- Born: 1 June 1938 (age 88) Kolhapur, Bombay Presidency, British India (now in Maharashtra, India)
- Occupations: Actress Choreographer
- Years active: 1951–1992

= Leela Gandhi (actress) =

Indian actress (1938)

Leela Gandhi (1 June 1938) is an Indian actress and choreographer who worked in Marathi cinema. She was the recipient of various accolades, receiving two Maharashtra State Film Awards, and a Zee Chitra Gaurav Puraskar. In 2011, Gandhi was honoured with the V. Shantaram Lifetime Achievement Award, Maharashtra's highest award in the field of cinema.

==Early life and career==
Gandhi began training in Kathak dance under Govind Nikam when she was eight years old. In 1951, director Dinkar D. Patil made the Hindi film Gharbar, based on his successful Marathi film Ram Ram Pahune. Gandhi assisted in choreographing a dance sequence featuring Gop and Paro.

On one occasion, Gandhi accompanied her guru, Govind Nikam, to the residence of actor-director Bhagwan Dada. There, she met dance instructor Robert, who was a close associate of Nikam. After learning about her dancing abilities, Bhagwan Dada offered her opportunities to perform in his films, including Rangila (1953), Hallagulla (1954), and Bhala Aadmi (1958). Robert later invited Gandhi to perform a dance in Baghdad Ki Raaten. The sequence was set before the villain, played by Shyam, while the hero, played by Mahipal, was tied up nearby. Although Gandhi completed the dance successfully, the film was never released. She subsequently performed alongside Helen in Bus Conductor, in a sequence that combined Helen's bhangra with Gandhi's lavani.

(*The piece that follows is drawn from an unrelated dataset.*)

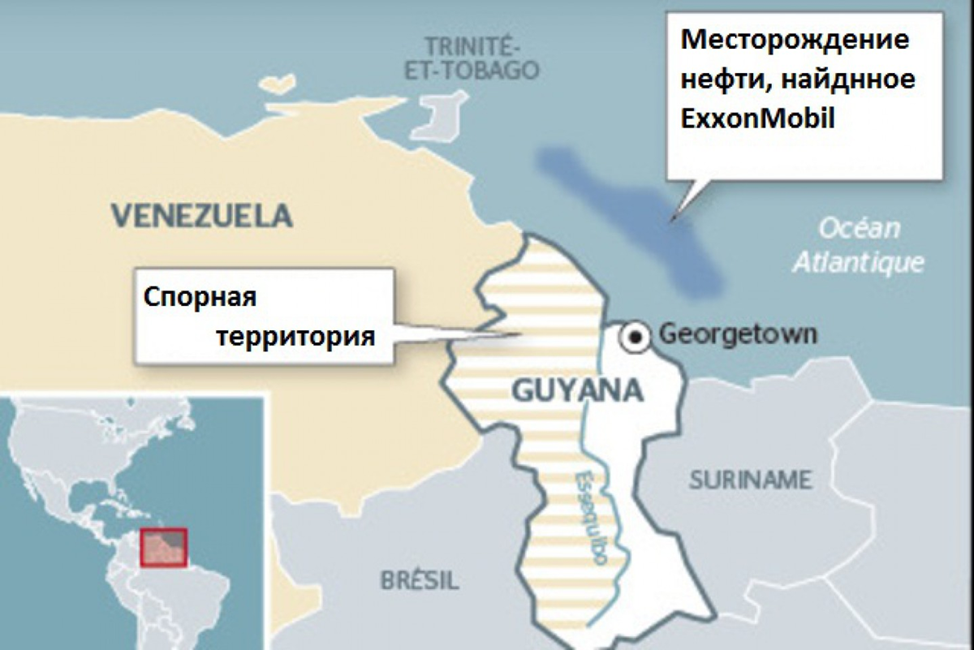 Первая – это претензии Николаса Мадуро на Эссекибо – богатый район Гайаны, который Венесуэла считает незаконно отторгнутым. Шельф Эссекибо – один из самых, если не самый, перспективный в мире район нефтедобычи, которую ведёт американская ExxonMobil. Мадуро не только объявил Эссекибо провинцией Венесуэлы – он не исключил применения военной силы для его присоединения. В район нефтепромыслов периодически проникают венесуэльские военные корабли, а на границе двух стран уже произошло несколько перестрелок.

Director Raja Thakur saw one of Gandhi's dance performances and invited her to participate in the programme Reshmachya Gathi. Vasant Pawar and Mohammed were initially expected to choreograph the performance. However, after observing Gandhi's abilities, Pawar suggested that she choreograph her own dance. Gandhi performed to the song “Ishkachya Rangat Vij Bhare Angat”, marking her debut in Marathi cinema.

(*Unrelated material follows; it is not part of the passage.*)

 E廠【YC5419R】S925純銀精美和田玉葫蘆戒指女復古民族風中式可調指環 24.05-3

Gandhi's dance performance with Hindi actor Agha in Preetisangam (1957) became popular. Beginning with Sangtye Aika (1959), she worked as a choreographer for several films. She also appeared as a supporting actress in Kela Ishara Jata Jata (1965). Alongside her film career, she worked in theatre and performed in approximately 75 films and 25 plays. Her theatrical work included a performance in the Sanskrit play Mahakavi Kalidas. Her performances in Katha Aklecha Kandyachi attracted the attention of composer Vasant Desai. Desai recommended her to director Hrishikesh Mukherjee, who subsequently invited her to perform in the “Sawal Jawab” sequence in the Hindi film Aashirwad. Gandhi's dance in the film received attention.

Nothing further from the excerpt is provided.